- Description of the task: Exclude the images, then return every line below exactly as written.

- Supplied information:
--------------------

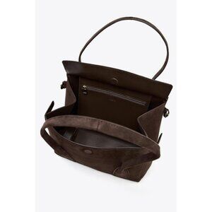 City bag style bag in leather. Shoulder strap. Strap with adjustable metal buckles on the sides. Interior zip pocket. Closes with a flap and magnetic fastening.
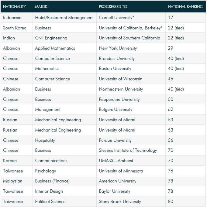 최근 ONCAMPUS 보스톤 센터에서 파운데이션 과정을 수강한 Aditya는 인도네시아 학생으로 고등학교 내신을 극복하고 미국 내 최고 명문 대학교 중 한 곳인 코넬대학교(Cornell University) 편입에 성공하였으며, Aditya뿐만 아니라 많은 학생들이 ONCAMPUS 보스톤에서 학업 후 UC버클리, 뉴욕주립대 등 미국 명문 대학교로의 편입에 성공하였습니다.
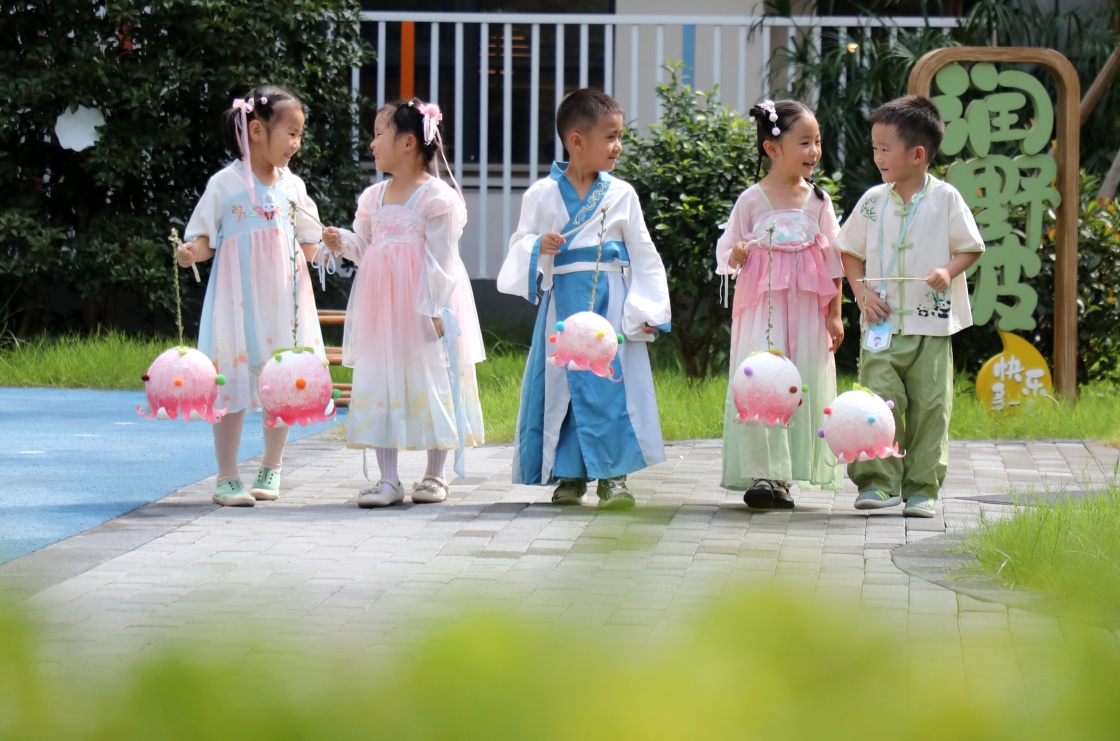 9月25日,在江苏省苏州市姑苏区平润实验幼儿园,小朋友提着自制中秋花灯欢乐游园。新华社发(杭兴微 摄)
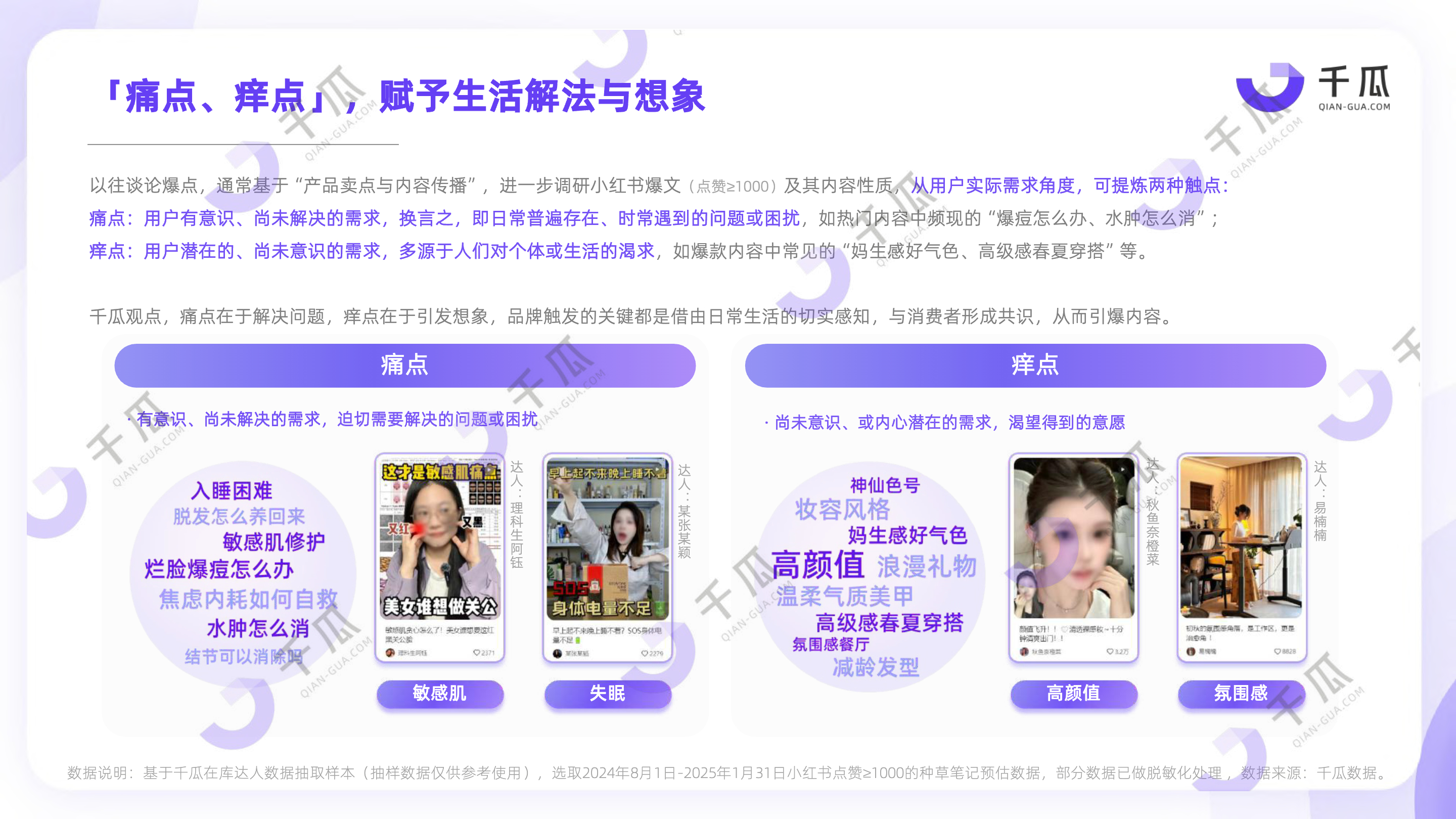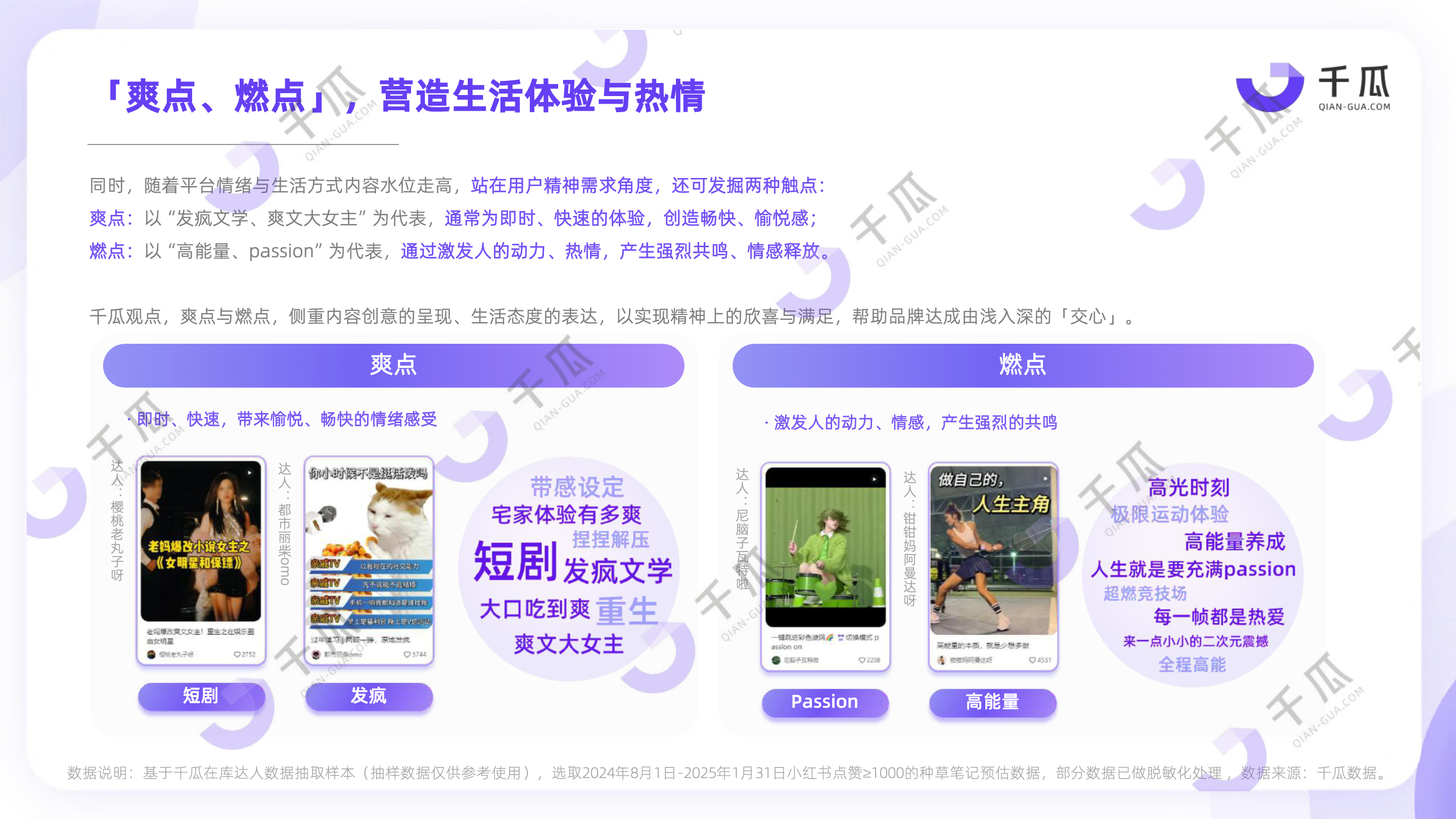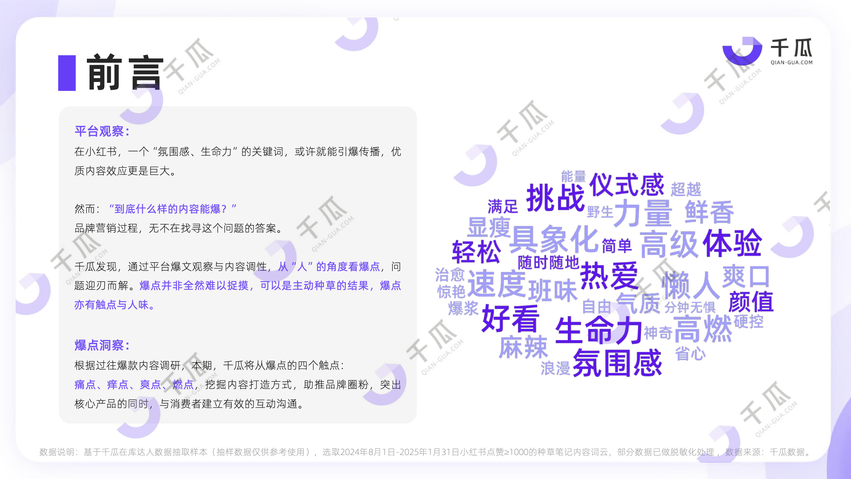 在小红书,一个“氛围感、生命力〞的关键词,或许就能引爆传播,优质内容效应更是巨大。 然而:“到底什么样的内容能爆?”品牌在营销过程,无不在找寻这个问题的答案。 根据过往爆款内容调研,本期报告将从爆点的四个触点:痛点、痒点、爽点、燃点,挖掘内容打造方式,助推品牌圈粉,突出核心产品的同时,与消费者建立有效的互动沟通。

--------------------

- Written answer:
 City bag style bag in leather. Shoulder strap. Strap with adjustable metal buckles on the sides. Interior zip pocket. Closes with a flap and magnetic fastening.
 최근 ONCAMPUS 보스톤 센터에서 파운데이션 과정을 수강한 Aditya는 인도네시아 학생으로 고등학교 내신을 극복하고 미국 내 최고 명문 대학교 중 한 곳인 코넬대학교(Cornell University) 편입에 성공하였으며, Aditya뿐만 아니라 많은 학생들이 ONCAMPUS 보스톤에서 학업 후 UC버클리, 뉴욕주립대 등 미국 명문 대학교로의 편입에 성공하였습니다.
 9月25日,在江苏省苏州市姑苏区平润实验幼儿园,小朋友提着自制中秋花灯欢乐游园。新华社发(杭兴微 摄)
 在小红书,一个“氛围感、生命力〞的关键词,或许就能引爆传播,优质内容效应更是巨大。 然而:“到底什么样的内容能爆?”品牌在营销过程,无不在找寻这个问题的答案。 根据过往爆款内容调研,本期报告将从爆点的四个触点:痛点、痒点、爽点、燃点,挖掘内容打造方式,助推品牌圈粉,突出核心产品的同时,与消费者建立有效的互动沟通。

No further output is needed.